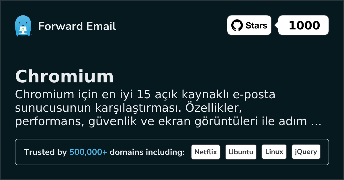 Chromium için en iyi 15 açık kaynaklı e-posta sunucusunun karşılaştırması. Özellikler, performans, güvenlik ve ekran görüntüleri ile adım adım kurulum rehberleri.
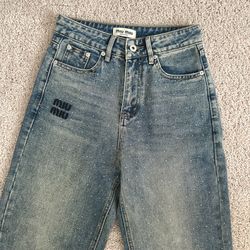 MiuMiu Rhinestone Jean Straight Leg Embroidered Logo Jeans $90Vancouver, WA
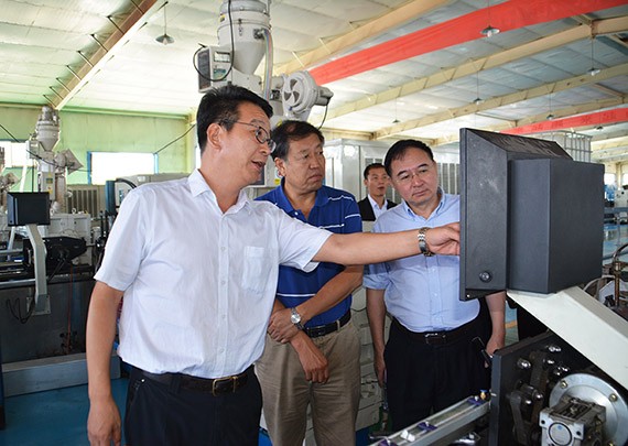 隨后,郭志偉副司長(zhǎng)一行深入大禹節(jié)水(酒泉)有限公司滴灌生產(chǎn)車間一線實(shí)地調(diào)研,邊走邊看,邊聽邊問,了解企業(yè)生產(chǎn)經(jīng)營(yíng)及科技創(chuàng)新和科研成果推廣應(yīng)用等情況,王沖就公司產(chǎn)品研發(fā)及生產(chǎn)經(jīng)營(yíng)等基本情況進(jìn)行了匯報(bào)介紹。
****************
▶ WHAT THE EXERCISE ASKS: Give back the material above exactly, with each picture removed.

▶ RESPONSE TO THE EXERCISE:
 Chromium için en iyi 15 açık kaynaklı e-posta sunucusunun karşılaştırması. Özellikler, performans, güvenlik ve ekran görüntüleri ile adım adım kurulum rehberleri.
 MiuMiu Rhinestone Jean Straight Leg Embroidered Logo Jeans $90Vancouver, WA
 隨后,郭志偉副司長(zhǎng)一行深入大禹節(jié)水(酒泉)有限公司滴灌生產(chǎn)車間一線實(shí)地調(diào)研,邊走邊看,邊聽邊問,了解企業(yè)生產(chǎn)經(jīng)營(yíng)及科技創(chuàng)新和科研成果推廣應(yīng)用等情況,王沖就公司產(chǎn)品研發(fā)及生產(chǎn)經(jīng)營(yíng)等基本情況進(jìn)行了匯報(bào)介紹。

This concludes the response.